Н. И. Тургенев, член Коренной управы Союза Благоденствия, в восстании участия не принимал, но за свою роль одного из идеологов движения декабристов был приговорен к смертной казни, замененной на бессрочную каторгу. Пушкин хорошо представлял себе особое положение Н. Тургенева в Тайном обществе и написал об этом в записке «О народном воспитании»:
Мы видим, что Н. Тургенев, воспитывавшийся в Гетинг‹енском› унив‹ерситете›, не смотря на свой политический фанатизм, отличался среди буйных своих сообщников нравственностью и умеренностью — следствием просвещения и положительных познаний (XI, 45).
Создание «Записки» (ноябрь с 10-го по 15-е. — XI, 310) отделял от написания «Стансов» всего один месяц.
Пушкин имел представление не только об особой роли Н. И. Тургенева в движении декабристов, но и о том, что он как инициатор уничтожения крепостного права «сверху» был близок императору Александру[437]. Кроме того, Н. Тургенев был одним из немногих заметных деятелей александровского царствования, явно выступавших против военных поселений. По мысли друзей декабриста, прежде всего его старшего брата А. И. Тургенева, это должно было расположить к нему Николая, еще цесаревичем выступавшего против военных поселений[438].

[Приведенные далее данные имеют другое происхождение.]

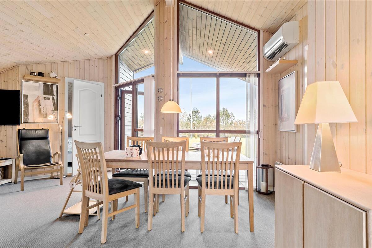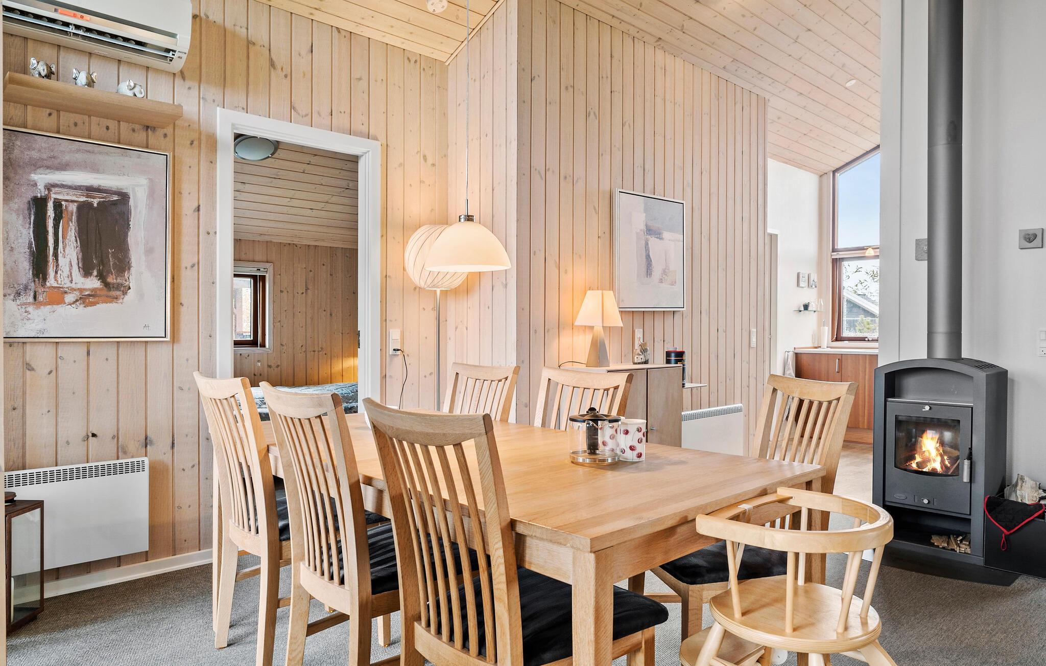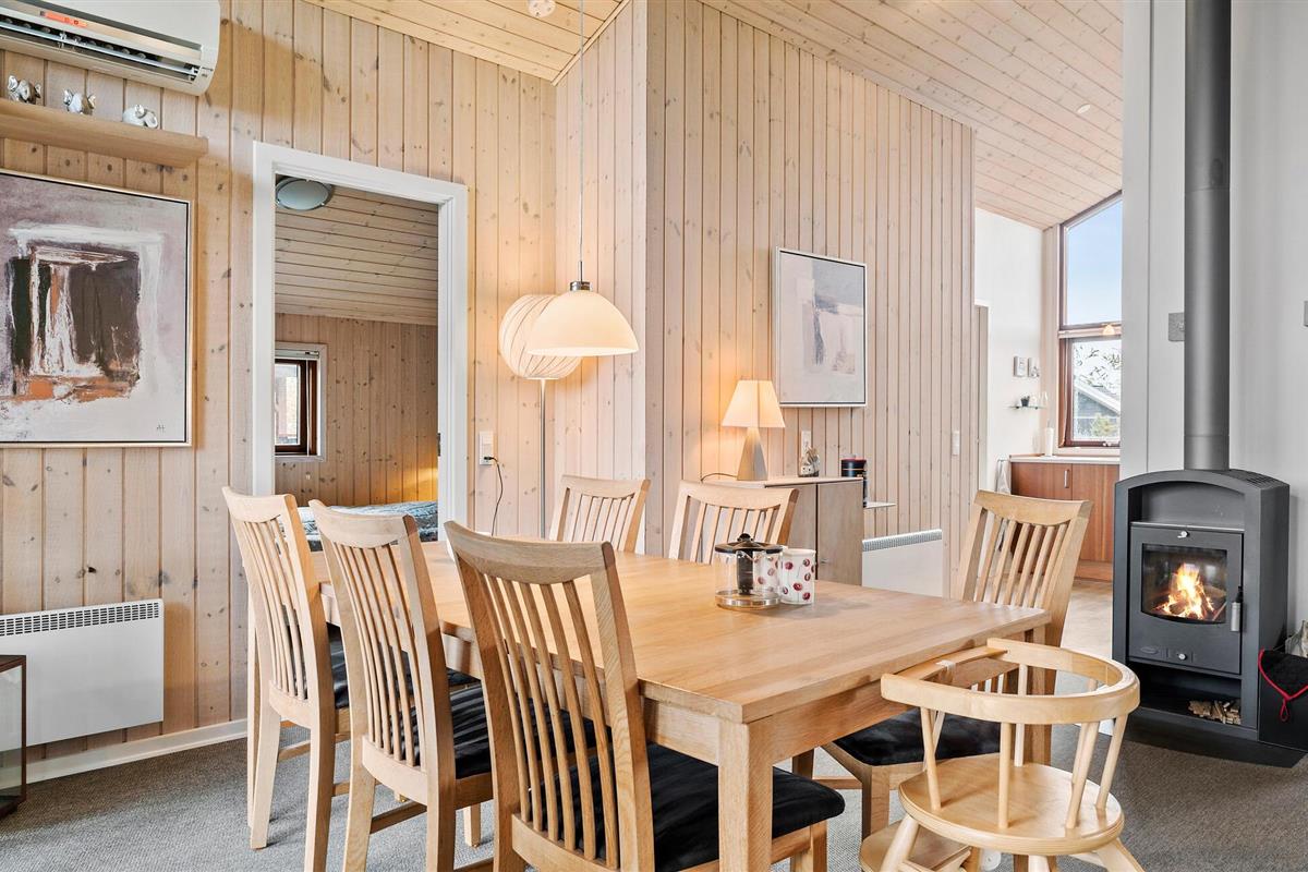 Dit gezellige vakantiehuis aan het einde van een doodlopende weg biedt u een rustig verblijf dicht bij Ringkøbing Fjord. Begin de dag met een ontbijt, dat je kunt bereiden in de praktisch uitgeruste keuken, en verzamel je daarna rond de uitnodigende houten eettafel in het woongedeelte. Daarna is het de vraag of je meteen in je Finse houten bad op het terras wilt springen of wilt ontspannen in de gezellige zithoek en eerst een leuk bordspel wilt spelen. De houtkachel zorgt voor een warme en gezellige sfeer.

Беспокойство за судьбу Н. Тургенева друзья стали выражать сразу же после восстания, как только причастность его к движению декабристов сделалась известной правительству. В это время и встал вопрос о том, чтобы декабрист сам по своей воле приехал в Петербург из-за границы и оправдался. На этой позиции стояли Карамзин и Жуковский. Вяземский и, конечно, А. И. Тургенев были против возвращения. Вяземский, как и Пушкин, знал об особой роли Николая Тургенева в движении в качестве идеолога, но с его точки зрения это был не плюс, а минус в глазах правительства:
Я уверен, что братья твои чужды того, что было безрассудного и злодейственного в замыслах, но все это их не спасет. Поверь мне, что люди истинно благомыслящие в этом деле страшнее и ненавистнее для них самих головорезов. О последних скажут: в них была хмель, она выдохнется. Но хладнокровные, глубокомысленные и честные заговорщики не подадут той же надежды. С ними мира не будет. Я убежден в этом и потому более страшусь за брата твоего, Николая, Орлова, чем за самых бешеных. Что ни говори, а я от него всего страшусь и ничего не надеюсь (курсив П. А. Вяземского. — И. Н.), потому что чудесам не верю ‹…› Ты окружен в Петербурге людьми qui sont sous le charme, и мне показалось, что голос мой не соблазненный может предостеречь тебя в чемнибудь и вывести на свежий воздух из атмосферы околдованной. Разумеется, Карамзин и Жуковский лучшие создания Провидения, но увы! и они под колдовством и советы их в таком случае могут быть не совершенно здравы[439].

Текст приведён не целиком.